As far as three-wheelers and e-rickshaw are concerned there are two categories. Those made by Kinetic and Mahindras are costly and their sales are not very high. The second category is those made by scores of smaller companies where the numbers are very high but nobody keeps track of them. Estimates are that this year around 200,000 to 250,000 e-rickshaw and three wheelers will be sold as many states are pushing for green commercial vehicles to tackle issues of rising vehicular pollution. In some of the states including Delhi and Maharashtra there is a push to encourage switching from e-rickshaws to faster electric autos. In the case of public transport busses there is as yet not much push towards e-vehicles.
Keen to push the acceptance of green vehicles – both EV and hydrogen vehicles, the government has over the last few years been formulating various production linked incentives besides rebates for consumers. The first big push for EVs came in 2013 when the central government unveiled the National Electric Mobility Mission Plan 2020. Under the mission plan, the FAME India Scheme (a scheme for faster adoption and manufacturing of hybrid & electric vehicles), was launched in FY-2015 for 2 years as Phase-1. Subsequently, the central government in 2019 raised the subsidies on hybrid and electric vehicles under the FAME II policy. Industry experts are however critical of the constant flip-flop in the government vision which initially focused on vehicle standardisation with FAME, and subsequently shifted focus on manufacturing.

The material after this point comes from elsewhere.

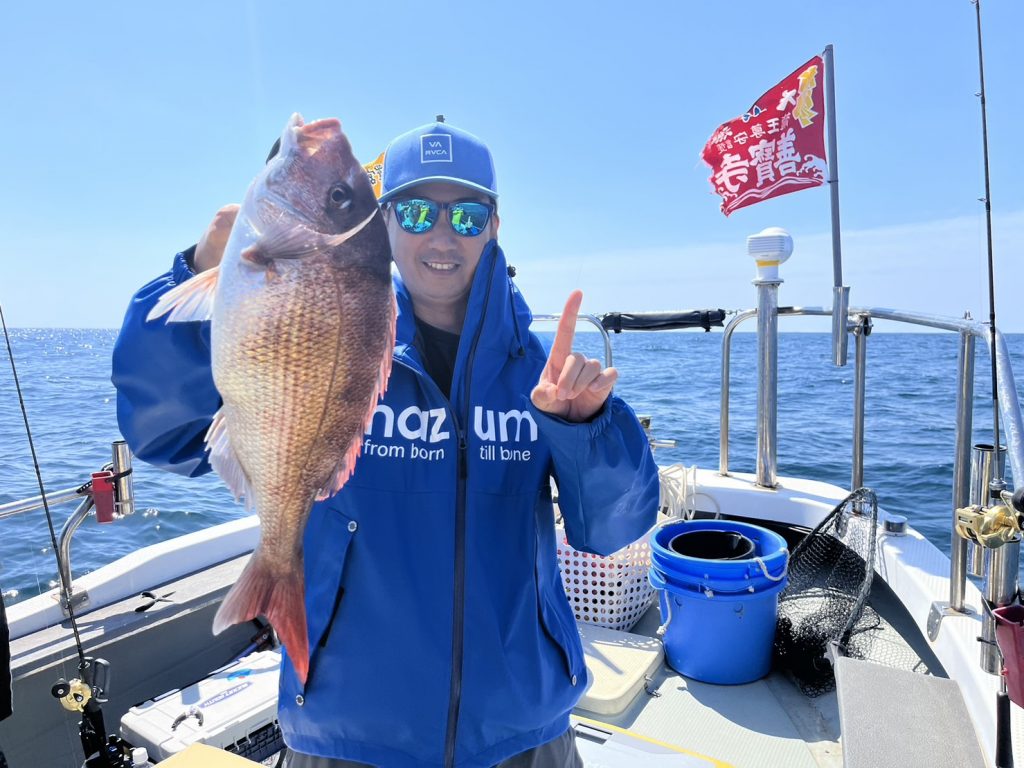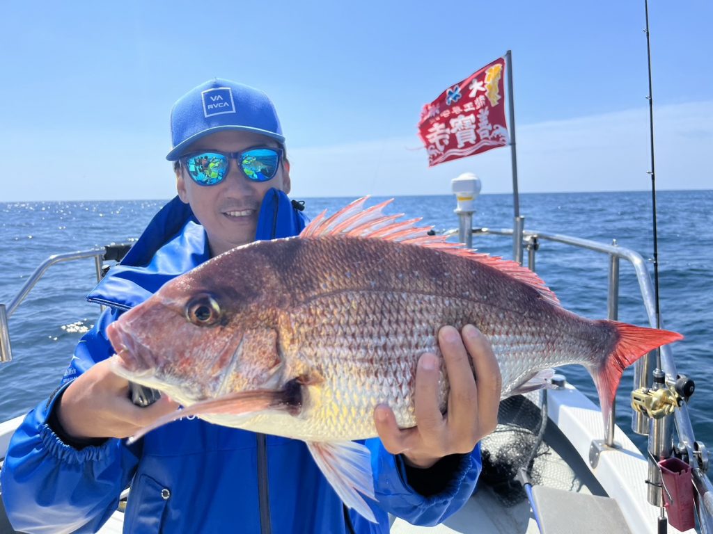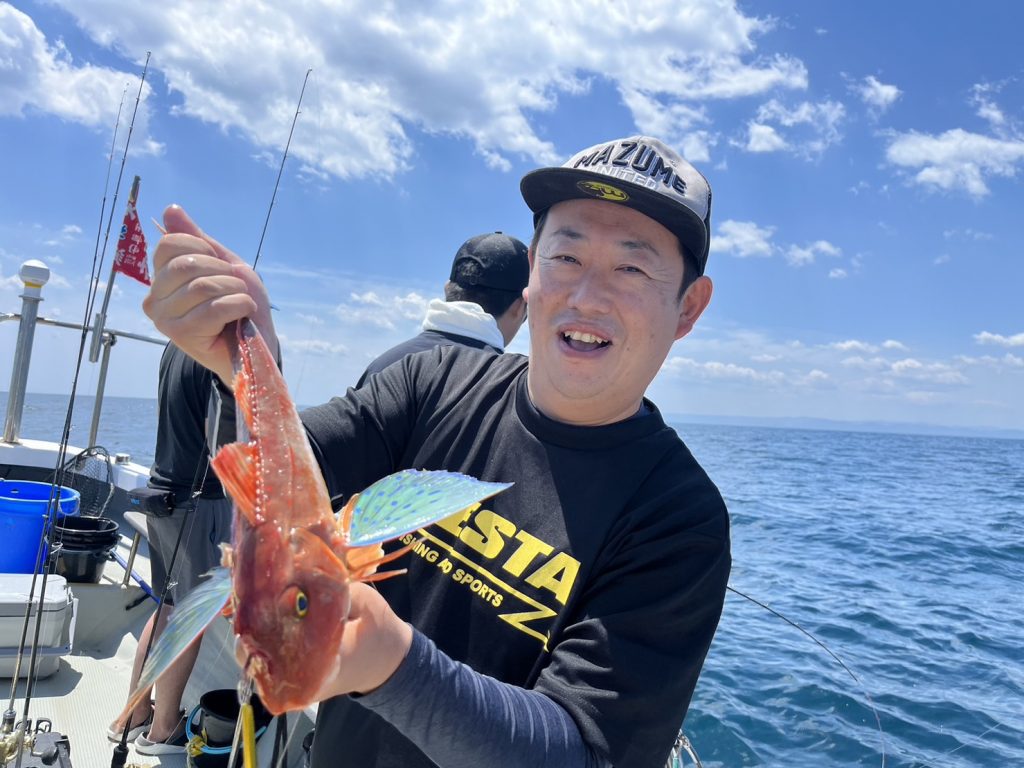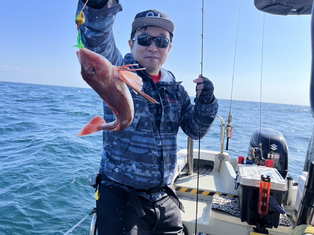 ファーストポイントに着くとカナガシラやホウボウは釣れるも本命真鯛の反応は薄く、明らかに前日とは違う展開…。

In the latest move, the government has earmarked Rs. 26,000 crore production linked incentive or PLI after clubbing hydrogen vehicles manufacturing with push for EVS. In addition, Rs.18,100 crore PLI outlay for five years has been approved to incentivize domestic manufacturing of Advance Chemistry Cell (ACC) in the country. The scheme envisages establishing a competitive ACC battery manufacturing set up in the country (50 Giga Watt hour-GWh). Additionally, 5 GWh of niche ACC technologies is also covered under the scheme. The new scheme is targeted at reducing import dependency in lithium-ion battery manufacturing to bring down the costs as cells used in the battery will continue to be imported mostly from China for the foreseeable future. The industry watchers feel the latest amendment will not benefit the original equipment manufacturers (OEMs) as much as the small and medium component manufacturers.